High levels of Covid-related absences also impacted the company in Australia, where zinc production of 135,300 tonnes and lead production of 38,100 tonnes were down 9% and 19%.

The downgrades were offset by the strength of production in nickel and ferrochrome, which saw 3% upward revisions to 2022 forecasts.

Shares were 12.15p higher at 491.8p today, making Glencore the best-performing stock in another disappointing session for the mining sector.

As well as Covid disruption, valuations have been impacted by rising costs and fears that China lockdowns and rising interest rates mean many commodity prices have peaked.

Anglo American (LSE:AAL), which last week raised its cost guidance by 9%, fell another 41p to 3465p and is down 17% in the past fortnight. Glencore is off 8%, having recently been the subject of “buy“ ratings from Deutsche Bank and Goldman Sachs at 580p and 600p respectively.

One factor in support of Glencore has been the upward price of coal following the Ukraine war. Glencore operates about 26 coal mines across Australia, Colombia and South Africa, with an estimated 85% of this production exported to countries where coal continues to play a leading role in power generation given its reliability and affordability.

Glencore featured on a crowded risers board today as banks led by Standard Chartered (LSE:STAN) drove the FTSE 100 index 72.46 points higher to 7498.07, a level broadly unchanged by this afternoon’s figures showing a surprise contraction in first quarter US GDP.

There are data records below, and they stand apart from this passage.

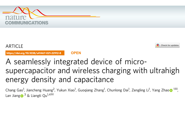 近日,必威西汉姆联博士生高畅以第一作者身份在Nature Communications期刊发表题目为“A seamlessly integrated device of micro-supercapacitor and wireless charging with ultrahigh energy density and capacitance”的研究论文,于2021年5月11日在线发表,论文链接:https://www.nature.com/articles/s41467-021-22912-8。必威西汉姆联官网为第一通讯单位,必威西汉姆联赵扬特别研究员和清华大学化学系曲良体教授为共同通讯作者,必威西汉姆联官网机械与车辆学院姜澜教授为本研究的合作者。本研究得到了国家重点研发计划项目、国家自然科学基金和北京市自然科学基项目等支持。
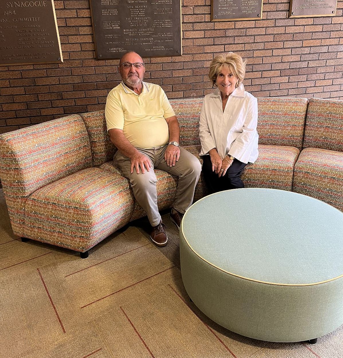 Lobby Upgrades! Come sit and enjoy the newly upholstered couches and ottomans in the Banks Garden Lobby. Thank you to Gail Weinstein and Alan Goodman (pictured) for taking on the task of upgrading and beautifying our comfortable couches.
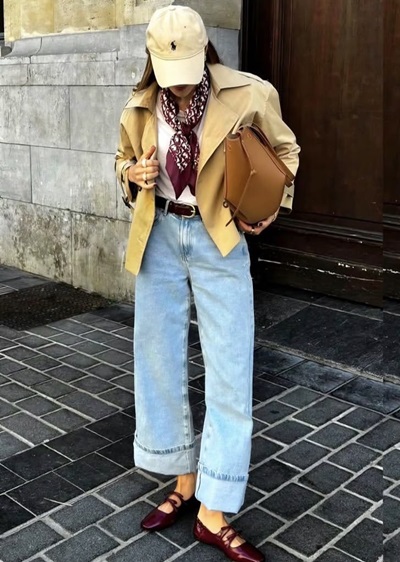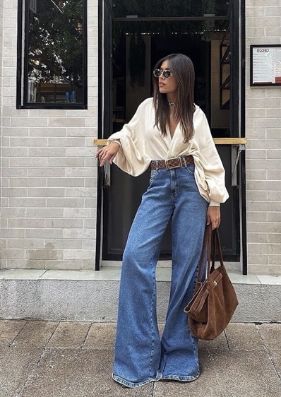 اختاري بلوزة بأكمام واسعة أو تفاصيل منسدلة لإضفاء حركة على الإطلالة، ولا تنسي الحزام العريض الذي يحدّد الخصر ويكسر امتداد الجينز. حقيبة كبيرة من الجلد تضيف بُعداً عملياً وأنيقاً في آن واحد.
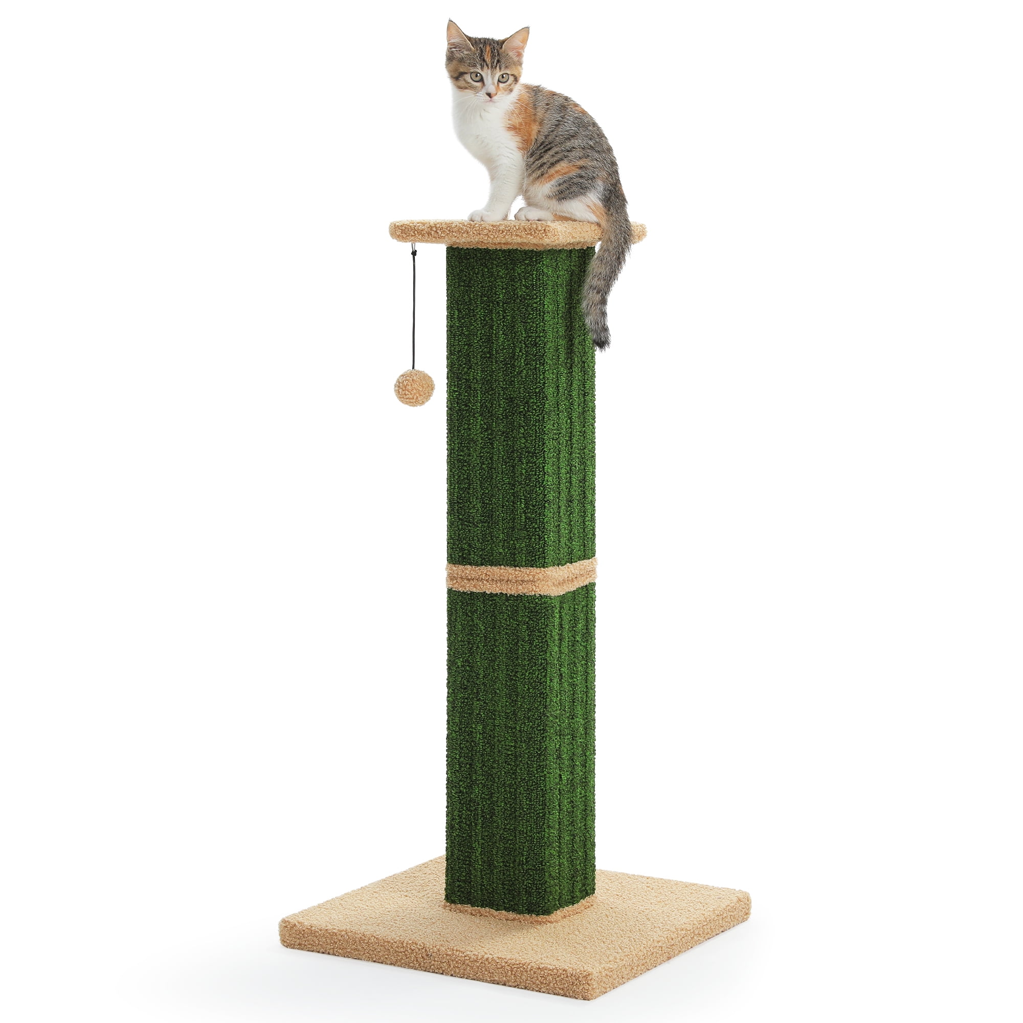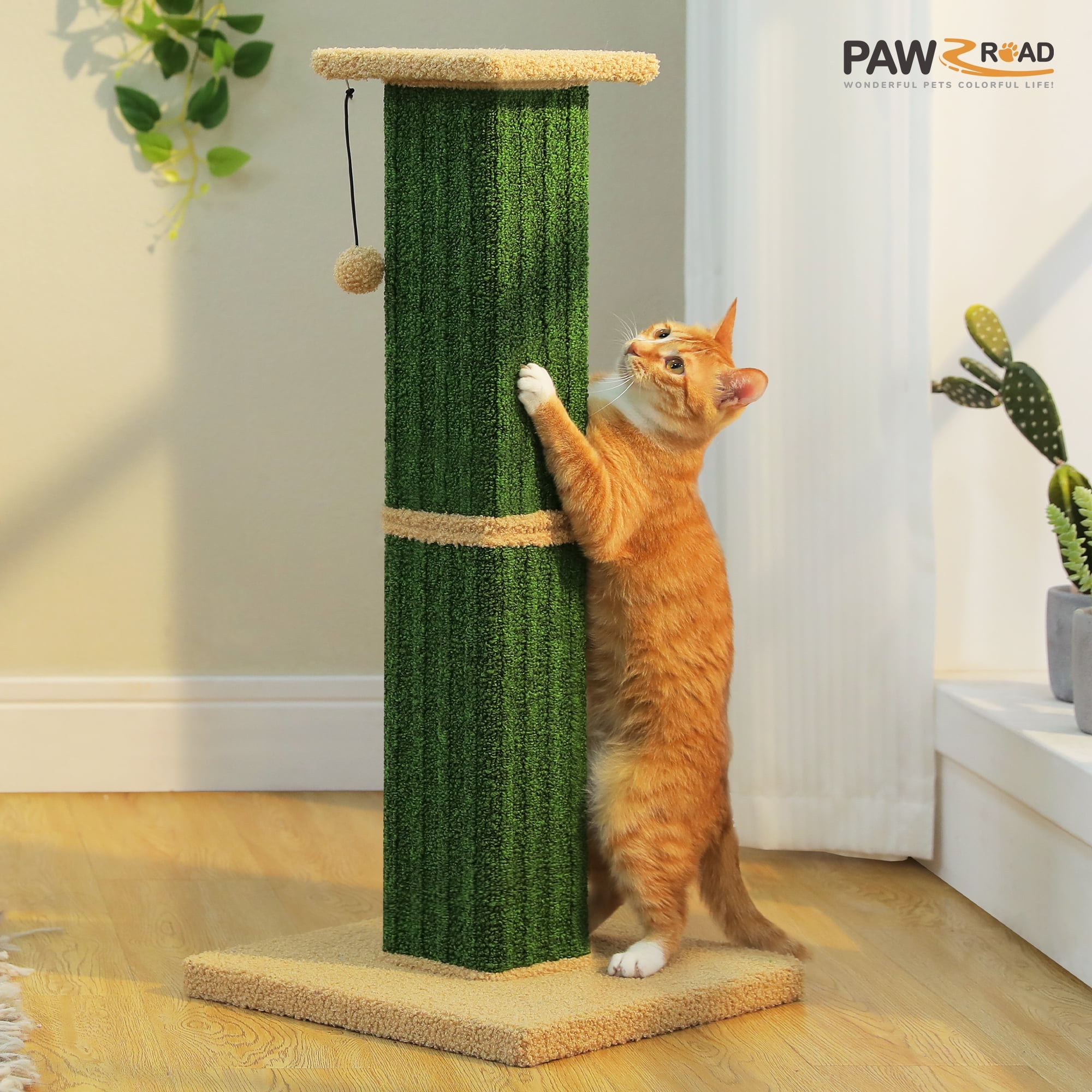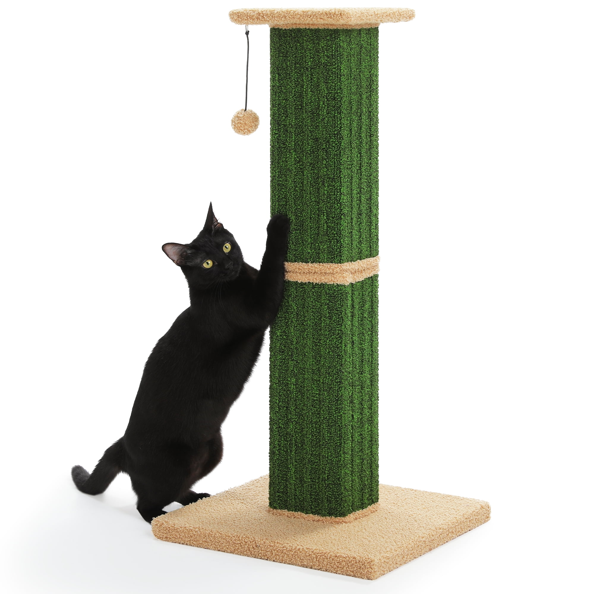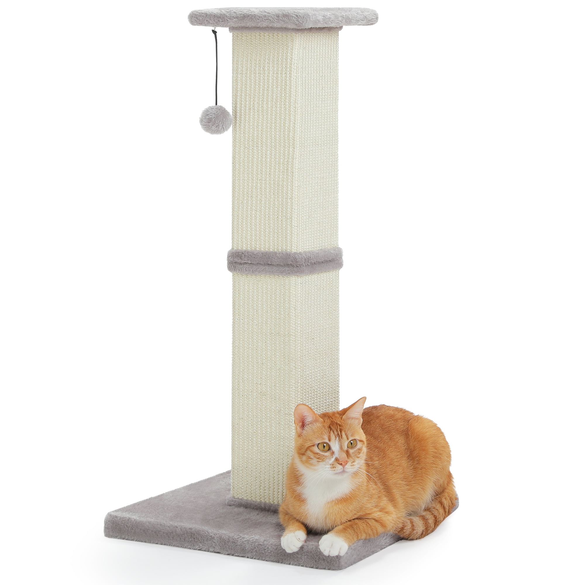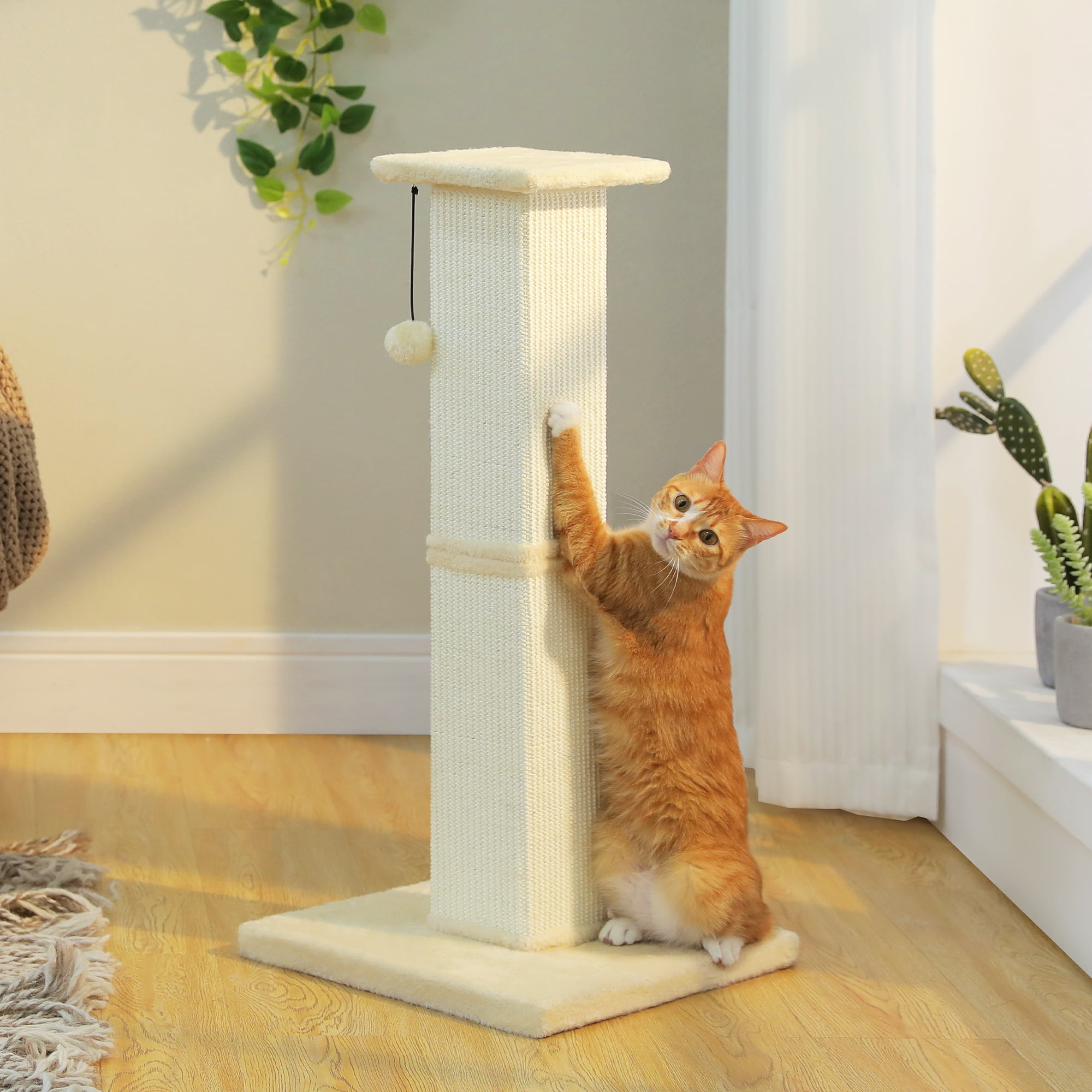 This extra-tall 32″ cat scratcher features a 15″x15″ weighted base for ultimate stability, preventing tipping during vigorous scratching. Wrapped in natural sisal fiber, it satisfies scratching instincts while protecting furniture. The reinforced double-layer core and 4 screws ensure durability, while the bouncy plush ball adds playtime fun. Its sleek design blends with any décor, and 5-minute assembly makes setup effortless. A perfect combo of function and style for happy cats!

On the corporate front, earnings figures continue to suggest that companies are managing to withstand the impact of rising prices and increased economic turbulence.

This was highlighted by medical devices firm Smith & Nephew, whose shares lifted 48.5p to 1,317p after it said its three divisions spanning orthopaedics, sports medicine and advanced wound management all posted growth in the first three months of 2022.

Overall revenues of $1.31 billion (£1.05 billion) were up 5.9% on an underlying basis, with a 2.6 percentage point currency effect lowering the reported figure to 3.3%.

Guidance for the rest of the year is unchanged as Smith & Nephew (LSE:SN.) looks to benefit from a recovery in elective procedures following the easing of  Covid disruption. It is also eyeing a 50 basis point improvement in trading margin this year, despite input cost headwinds.